Es evidente que la pandemia profundizó la desigualdad por muchos motivos.

Fue desesperante la baja capacidad operativa y de gestión que han demostrado la administración provincial y el propio Gobierno nacional ante la pandemia, inclusive a la hora de planificar y poner en marcha acciones que ayuden a paliar los efectos de COVID-19. Un tema no menos importante y que prácticamente no está contemplado es el de la calidad y debería incorporarse.

El derecho a la educación con materiales pedagógicos y tecnologías educativas adecuadas, actualizadas y justamente distribuidas entre los/as alumnos/as y escuelas y un Estado presente que tenga la obligación de distribuir materiales y tecnologías educativas adecuadas, actualizadas y de calidad para todos los alumnos es fundamental.

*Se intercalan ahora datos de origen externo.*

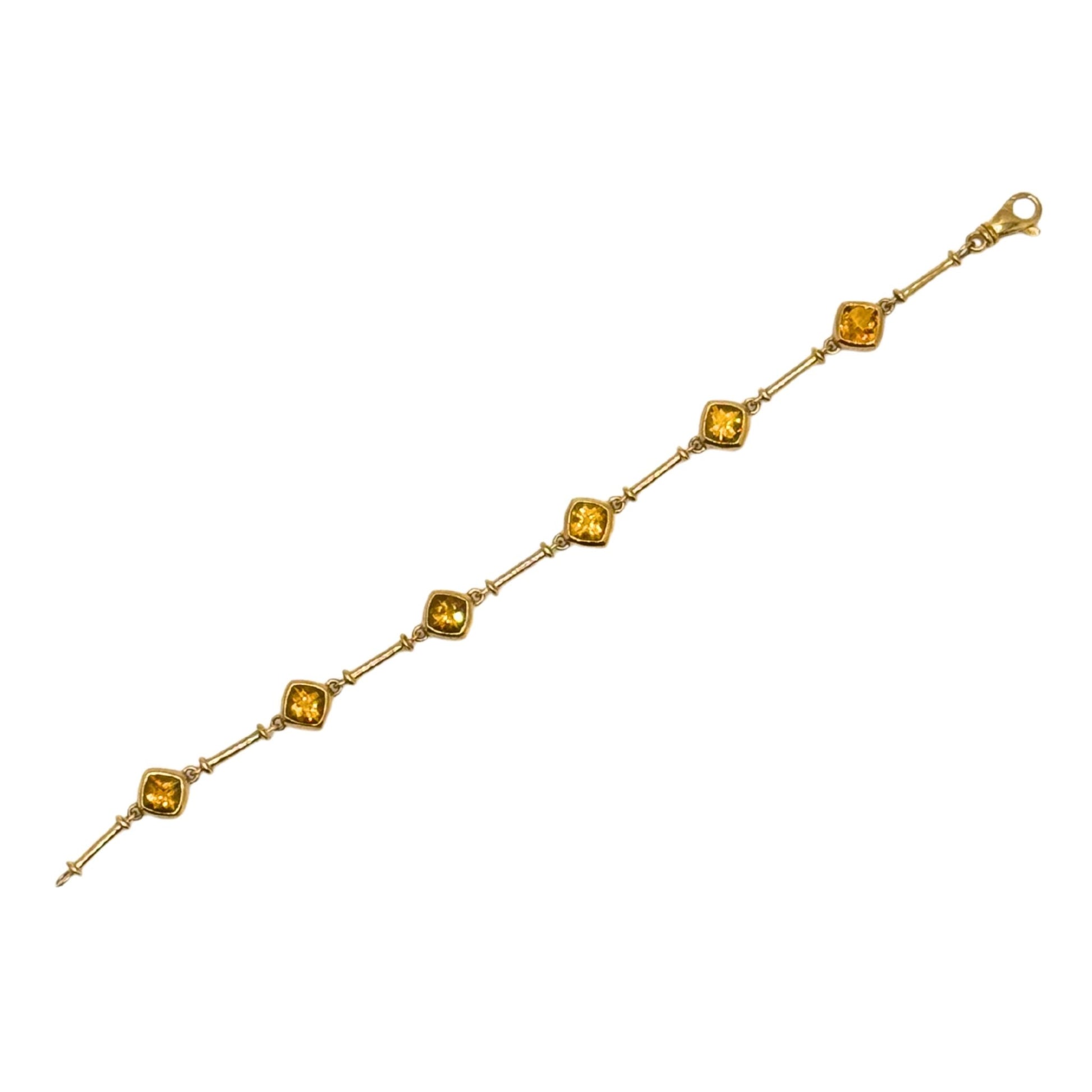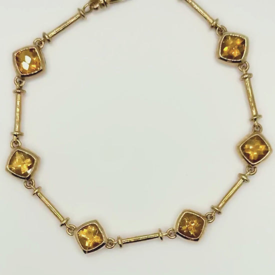 Stunning 9-carat yellow gold bracelet featuring bar-linked design with beautiful citrine stones. Each link is carefully crafted to offer a timeless and elegant look.

Un ejemplo de esto, computadoras con acceso a internet y materiales de consulta para docentes y padres. Es importante considerar que estos materiales forman parte del eje de la calidad educativa, dado que tienen claros fines pedagógicos y deben ser elaborados por equipos profesionales de especialistas.

La Ley de Educación Nacional (Nº 26.206) establece la obligación del Estado de dotar a todas las escuelas de los recursos materiales necesarios para garantizar una educación de calidad (incluyendo equipamientos científicos y tecnológicos, bibliotecas y demás recursos pedagógicos), dando prioridad a aquellos establecimientos que atienden población en situación económica desfavorable (art. 85).

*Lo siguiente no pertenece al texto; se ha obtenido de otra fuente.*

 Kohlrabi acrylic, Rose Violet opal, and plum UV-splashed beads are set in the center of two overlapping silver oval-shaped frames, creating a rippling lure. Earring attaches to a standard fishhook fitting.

Asimismo, la mencionada ley pone especial énfasis en el fortalecimiento de las bibliotecas escolares y su creación en aquellas escuelas donde aún no se hayan desarrollado (art. 91). Por otra parte, dedica un apartado a las nuevas tecnologías y medios de comunicación, haciendo hincapié en la incorporación de estas herramientas en el proceso de enseñanza – aprendizaje (arts. 94 a 99). La Constitución local debería contemplar este aspecto explícitamente para que se garantice este derecho.

Contemplar la calidad educativa expresamente también implica velar por el derecho a la educación, con docentes bien preparados y actualizados permanentemente, capaces de desarrollar prácticas pedagógicas y curriculares adecuadas y significativas, ya que la formación y capacitación de los docentes es un aspecto central de la calidad educativa, ya que el cuerpo docente es el principal determinante de los procesos de enseñanza.

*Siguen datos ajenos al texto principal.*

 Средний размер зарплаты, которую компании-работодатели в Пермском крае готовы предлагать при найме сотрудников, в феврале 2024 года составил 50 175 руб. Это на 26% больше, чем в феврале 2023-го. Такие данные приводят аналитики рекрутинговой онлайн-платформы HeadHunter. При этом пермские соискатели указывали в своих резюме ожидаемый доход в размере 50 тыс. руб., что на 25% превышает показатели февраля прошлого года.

Sentar las bases para el derecho a una educación de calidad que garantice altos niveles de conocimientos básicos comunes y capacidad para el aprendizaje autónomo y socialmente significativo a lo largo de toda la vida es clave. Los aprendizajes de los alumnos deben ser adecuados, actualizados y significativos, para que se cumpla plenamente su derecho a la educación. El Estado es el garante de este derecho y debe generar las condiciones necesarias para su cumplimiento.

Animarse a poner en agenda y meterse en el debate profundo de la educación que necesitamos que propicie el progreso de Salta para salir de la pobreza es la oportunidad y el desafío que se podría poner en agenda.

Por Silvia Alvarez                                                                                                                 23/03/21

* Silvia Álvarez coordinó los encuentros virtuales “Desafíos de la educación digital que viene” (Ucasal)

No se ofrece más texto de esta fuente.